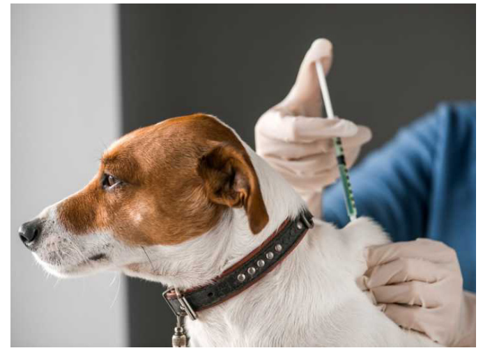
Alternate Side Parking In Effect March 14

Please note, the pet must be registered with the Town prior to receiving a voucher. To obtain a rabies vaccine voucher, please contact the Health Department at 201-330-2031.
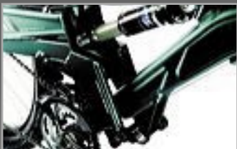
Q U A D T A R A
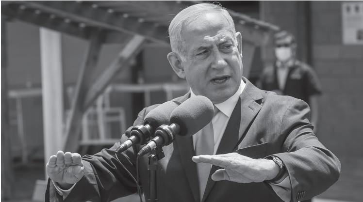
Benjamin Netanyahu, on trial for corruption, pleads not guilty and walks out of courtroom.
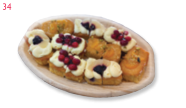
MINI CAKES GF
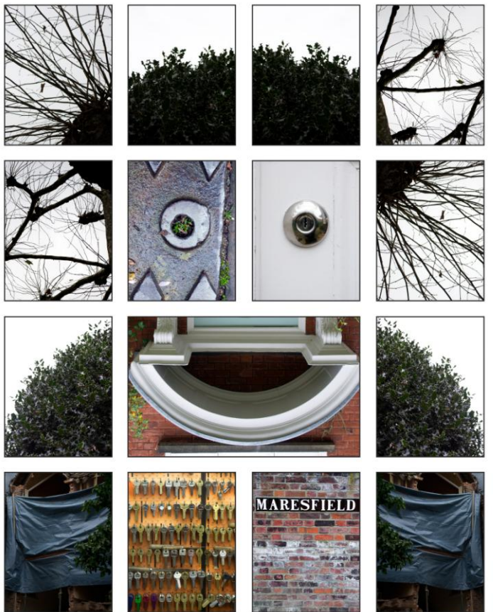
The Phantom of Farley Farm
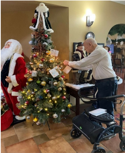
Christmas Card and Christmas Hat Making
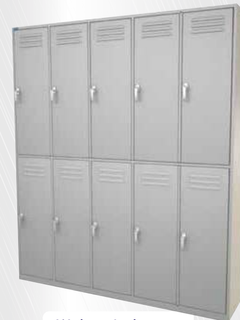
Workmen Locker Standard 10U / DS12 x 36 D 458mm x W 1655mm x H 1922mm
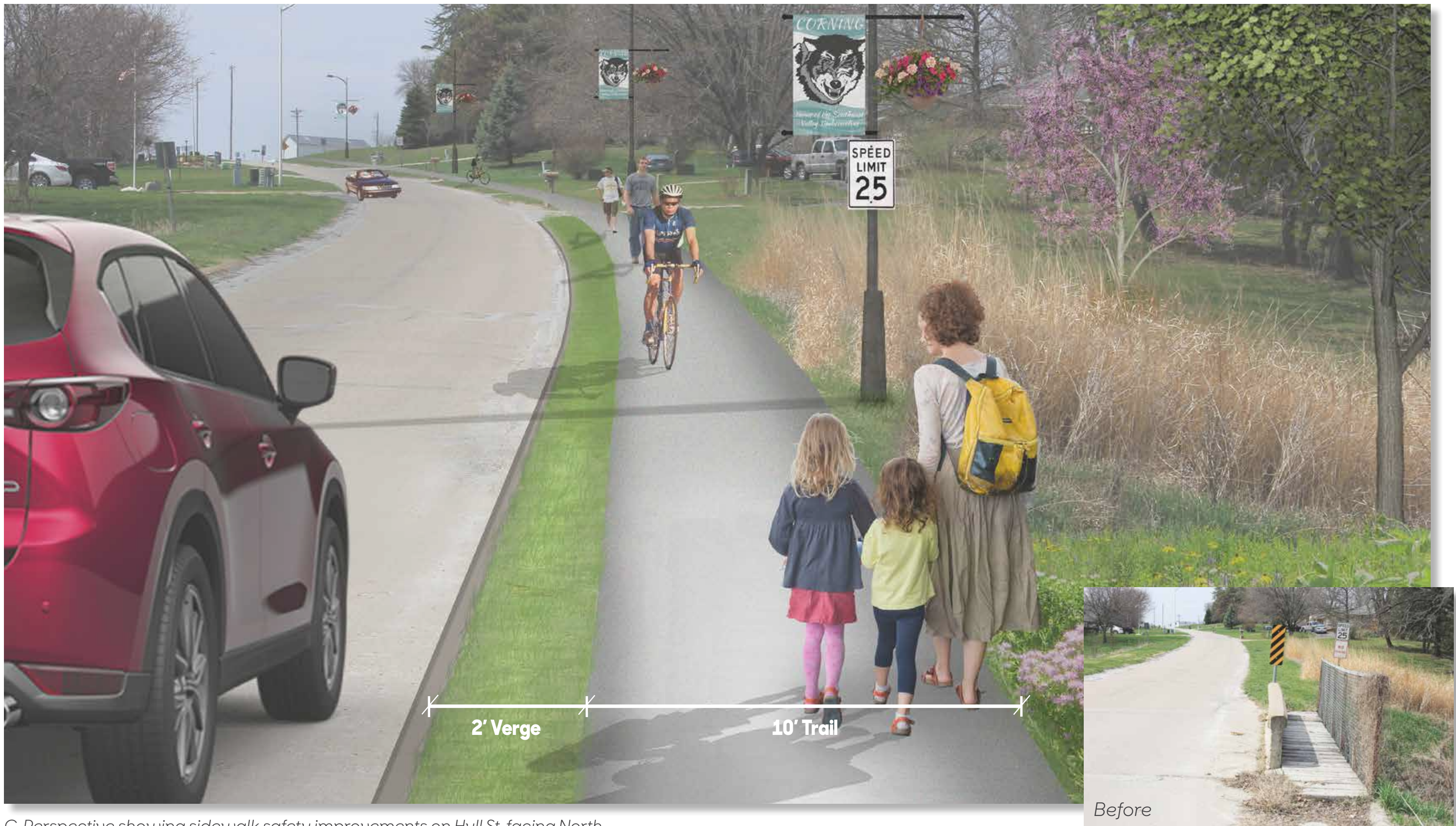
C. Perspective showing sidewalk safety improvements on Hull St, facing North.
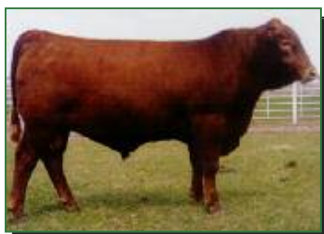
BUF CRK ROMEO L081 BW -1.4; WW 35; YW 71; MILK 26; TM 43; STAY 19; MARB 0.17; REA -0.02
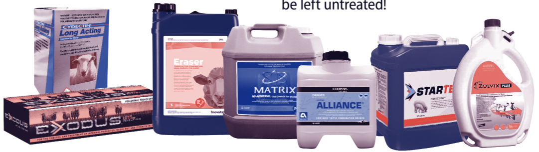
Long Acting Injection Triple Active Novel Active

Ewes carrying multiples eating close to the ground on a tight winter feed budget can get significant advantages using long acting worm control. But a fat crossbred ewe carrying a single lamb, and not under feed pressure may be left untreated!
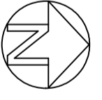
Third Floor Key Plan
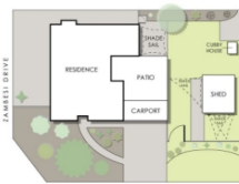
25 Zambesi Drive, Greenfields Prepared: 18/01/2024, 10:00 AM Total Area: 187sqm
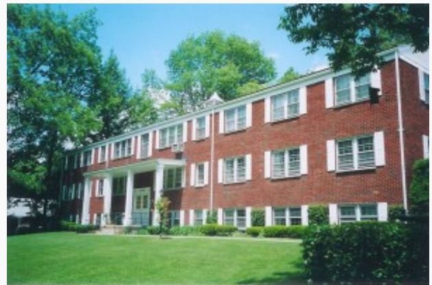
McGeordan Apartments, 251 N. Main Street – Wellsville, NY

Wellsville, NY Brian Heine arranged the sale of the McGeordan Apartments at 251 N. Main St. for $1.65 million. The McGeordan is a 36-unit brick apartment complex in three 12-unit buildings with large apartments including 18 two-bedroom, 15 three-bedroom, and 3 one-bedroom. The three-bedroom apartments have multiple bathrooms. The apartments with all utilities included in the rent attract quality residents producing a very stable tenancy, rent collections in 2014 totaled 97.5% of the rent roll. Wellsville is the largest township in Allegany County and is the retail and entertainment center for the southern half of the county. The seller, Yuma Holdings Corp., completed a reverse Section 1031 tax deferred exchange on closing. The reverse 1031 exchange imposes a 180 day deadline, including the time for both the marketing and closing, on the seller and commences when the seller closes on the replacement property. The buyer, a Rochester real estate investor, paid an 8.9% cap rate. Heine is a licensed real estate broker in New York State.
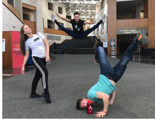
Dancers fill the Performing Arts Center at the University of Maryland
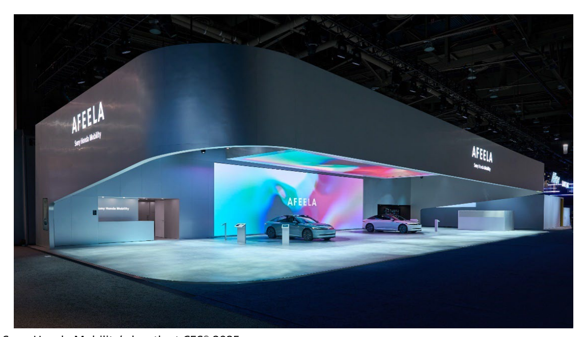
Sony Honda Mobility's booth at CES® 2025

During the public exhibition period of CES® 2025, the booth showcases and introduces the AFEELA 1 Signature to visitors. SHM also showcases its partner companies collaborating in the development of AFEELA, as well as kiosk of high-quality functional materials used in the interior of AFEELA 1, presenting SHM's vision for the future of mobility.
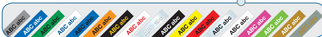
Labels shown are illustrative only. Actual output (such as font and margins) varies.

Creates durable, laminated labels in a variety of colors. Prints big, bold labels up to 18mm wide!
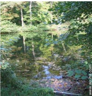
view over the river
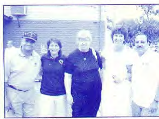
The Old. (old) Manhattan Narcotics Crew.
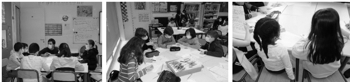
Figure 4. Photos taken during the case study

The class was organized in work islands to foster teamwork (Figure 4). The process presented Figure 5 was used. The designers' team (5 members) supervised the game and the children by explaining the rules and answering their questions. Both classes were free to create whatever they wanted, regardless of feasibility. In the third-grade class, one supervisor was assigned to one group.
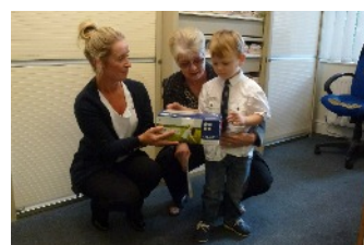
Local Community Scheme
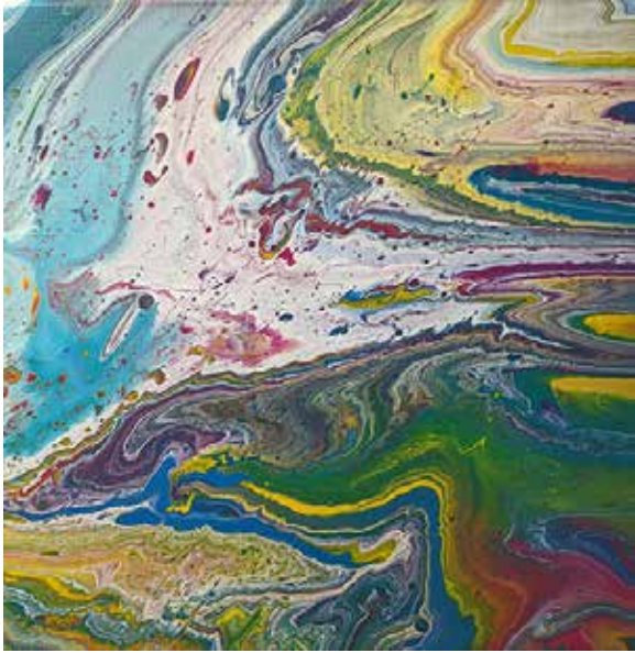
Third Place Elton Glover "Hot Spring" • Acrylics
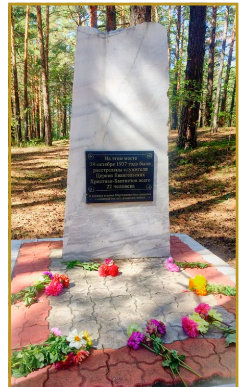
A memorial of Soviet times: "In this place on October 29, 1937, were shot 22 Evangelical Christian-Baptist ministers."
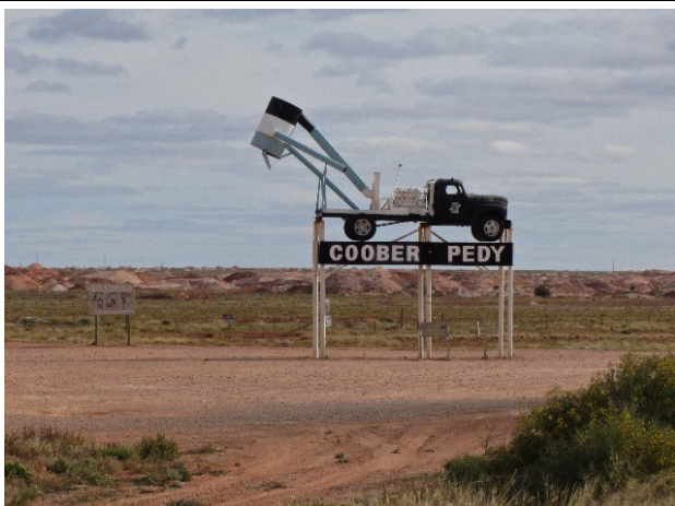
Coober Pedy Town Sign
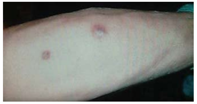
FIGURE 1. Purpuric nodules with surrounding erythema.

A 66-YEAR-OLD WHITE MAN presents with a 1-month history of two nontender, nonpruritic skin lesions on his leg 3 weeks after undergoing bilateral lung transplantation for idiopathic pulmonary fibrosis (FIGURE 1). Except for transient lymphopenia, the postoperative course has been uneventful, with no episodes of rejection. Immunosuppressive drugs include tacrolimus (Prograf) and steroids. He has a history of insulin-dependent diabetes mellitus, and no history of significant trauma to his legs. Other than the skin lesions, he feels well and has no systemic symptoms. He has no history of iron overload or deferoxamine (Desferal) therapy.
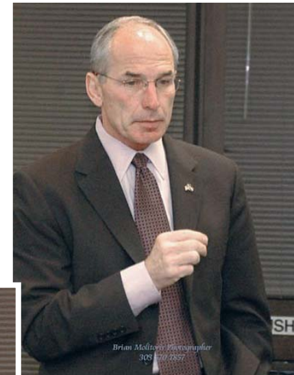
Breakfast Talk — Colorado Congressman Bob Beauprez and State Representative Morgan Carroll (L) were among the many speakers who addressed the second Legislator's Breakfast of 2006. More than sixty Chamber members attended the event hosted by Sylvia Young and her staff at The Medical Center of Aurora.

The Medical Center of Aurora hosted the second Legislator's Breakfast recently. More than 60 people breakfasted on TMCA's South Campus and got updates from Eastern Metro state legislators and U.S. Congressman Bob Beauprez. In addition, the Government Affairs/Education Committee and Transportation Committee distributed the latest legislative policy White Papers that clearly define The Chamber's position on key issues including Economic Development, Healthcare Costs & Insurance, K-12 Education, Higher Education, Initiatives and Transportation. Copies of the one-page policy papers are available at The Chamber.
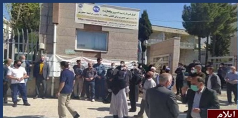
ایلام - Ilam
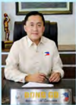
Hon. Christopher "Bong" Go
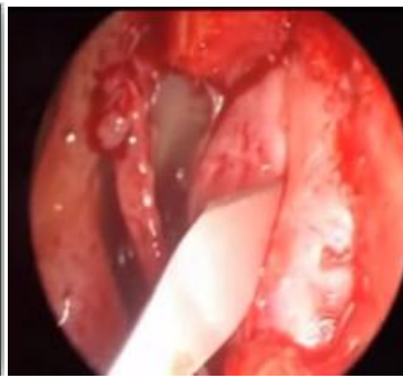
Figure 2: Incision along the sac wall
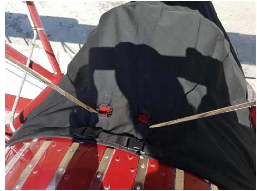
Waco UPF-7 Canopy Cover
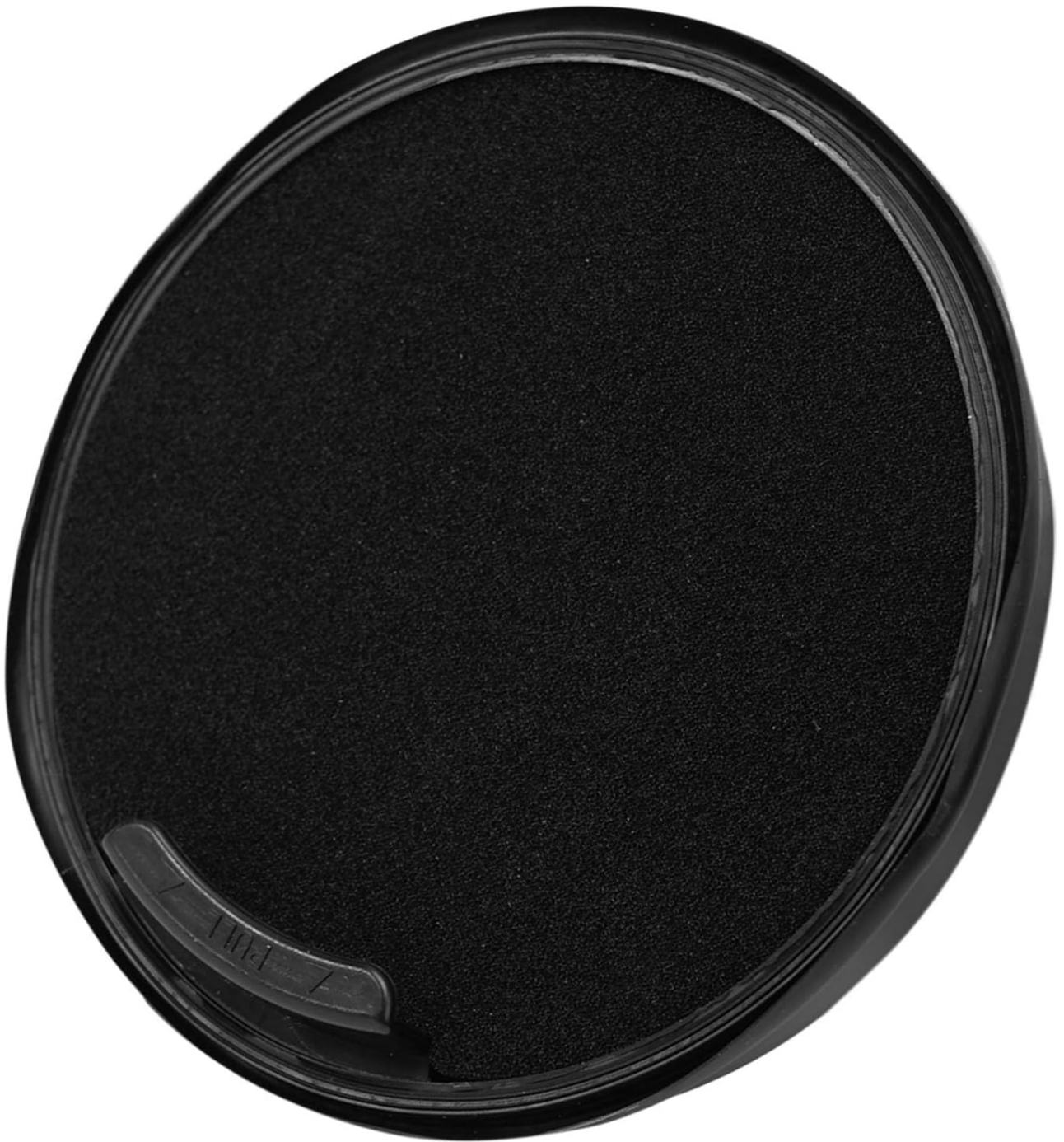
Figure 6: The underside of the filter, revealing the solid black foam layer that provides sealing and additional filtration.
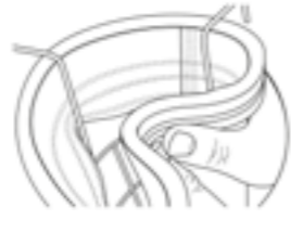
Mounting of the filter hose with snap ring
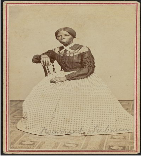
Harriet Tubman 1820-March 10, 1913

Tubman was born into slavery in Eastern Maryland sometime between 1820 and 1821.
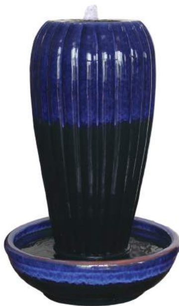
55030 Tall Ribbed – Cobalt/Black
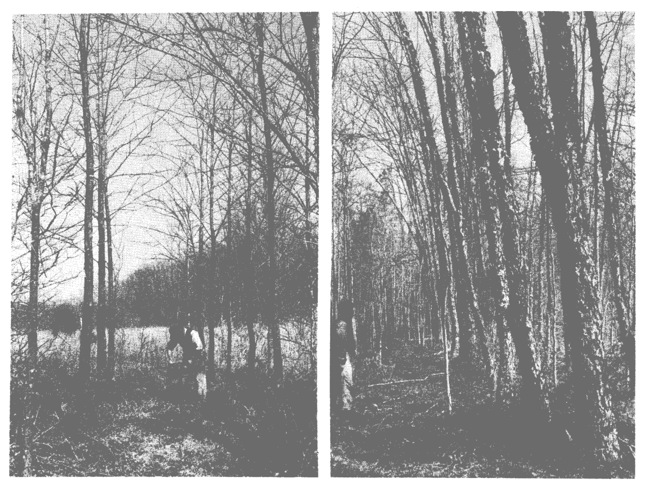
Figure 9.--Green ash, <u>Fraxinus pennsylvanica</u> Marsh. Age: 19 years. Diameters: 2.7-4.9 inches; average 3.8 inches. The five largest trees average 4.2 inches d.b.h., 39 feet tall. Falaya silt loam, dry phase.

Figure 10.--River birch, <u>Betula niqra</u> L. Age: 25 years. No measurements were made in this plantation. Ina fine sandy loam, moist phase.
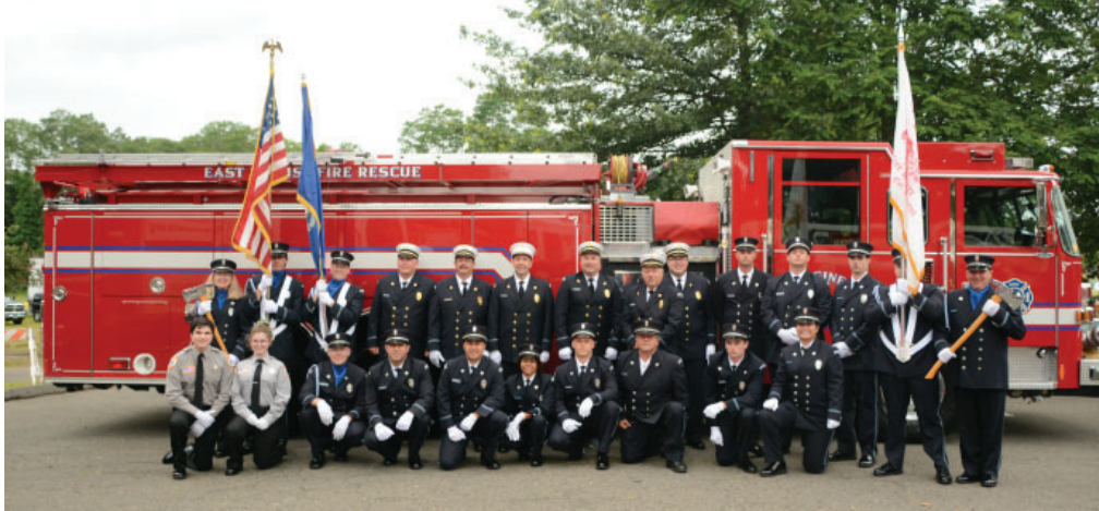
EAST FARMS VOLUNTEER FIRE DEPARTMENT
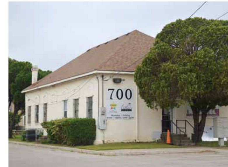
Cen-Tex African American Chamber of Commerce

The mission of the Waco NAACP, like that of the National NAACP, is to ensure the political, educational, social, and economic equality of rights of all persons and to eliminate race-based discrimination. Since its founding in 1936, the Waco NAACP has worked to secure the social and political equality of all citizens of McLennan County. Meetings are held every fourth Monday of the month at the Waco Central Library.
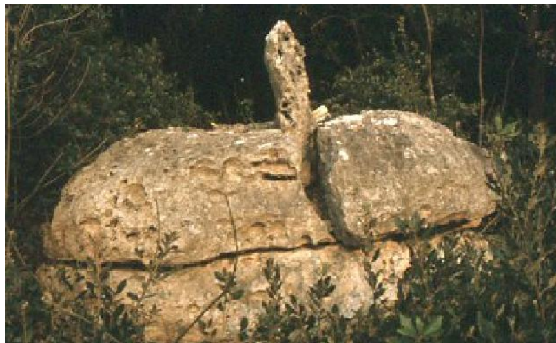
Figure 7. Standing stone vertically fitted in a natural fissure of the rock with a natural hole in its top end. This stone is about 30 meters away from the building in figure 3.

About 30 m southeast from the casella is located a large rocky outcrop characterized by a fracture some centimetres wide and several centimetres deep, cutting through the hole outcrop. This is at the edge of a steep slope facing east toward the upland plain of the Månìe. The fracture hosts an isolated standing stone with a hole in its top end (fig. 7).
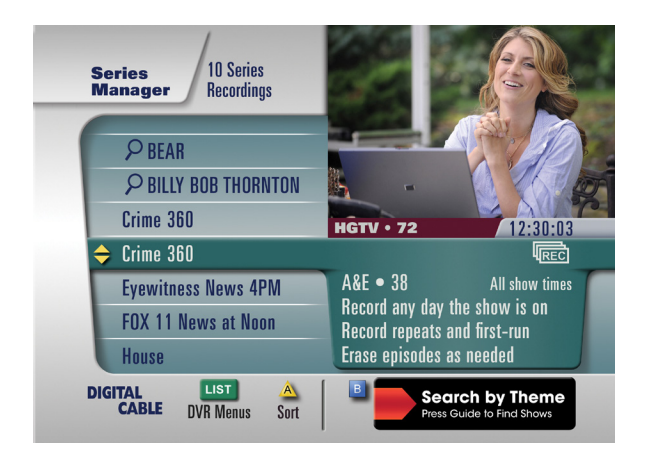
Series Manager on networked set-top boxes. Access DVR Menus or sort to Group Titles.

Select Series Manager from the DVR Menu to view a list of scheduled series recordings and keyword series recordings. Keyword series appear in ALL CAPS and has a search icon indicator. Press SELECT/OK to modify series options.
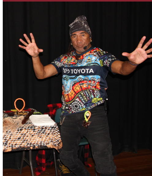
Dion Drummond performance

■ Task to carry out
Look through the data above and return each line where the string "booth" occurs.

■ Answer box
Sony Honda Mobility's booth at CES® 2025
During the public exhibition period of CES® 2025, the booth showcases and introduces the AFEELA 1 Signature to visitors. SHM also showcases its partner companies collaborating in the development of AFEELA, as well as kiosk of high-quality functional materials used in the interior of AFEELA 1, presenting SHM's vision for the future of mobility.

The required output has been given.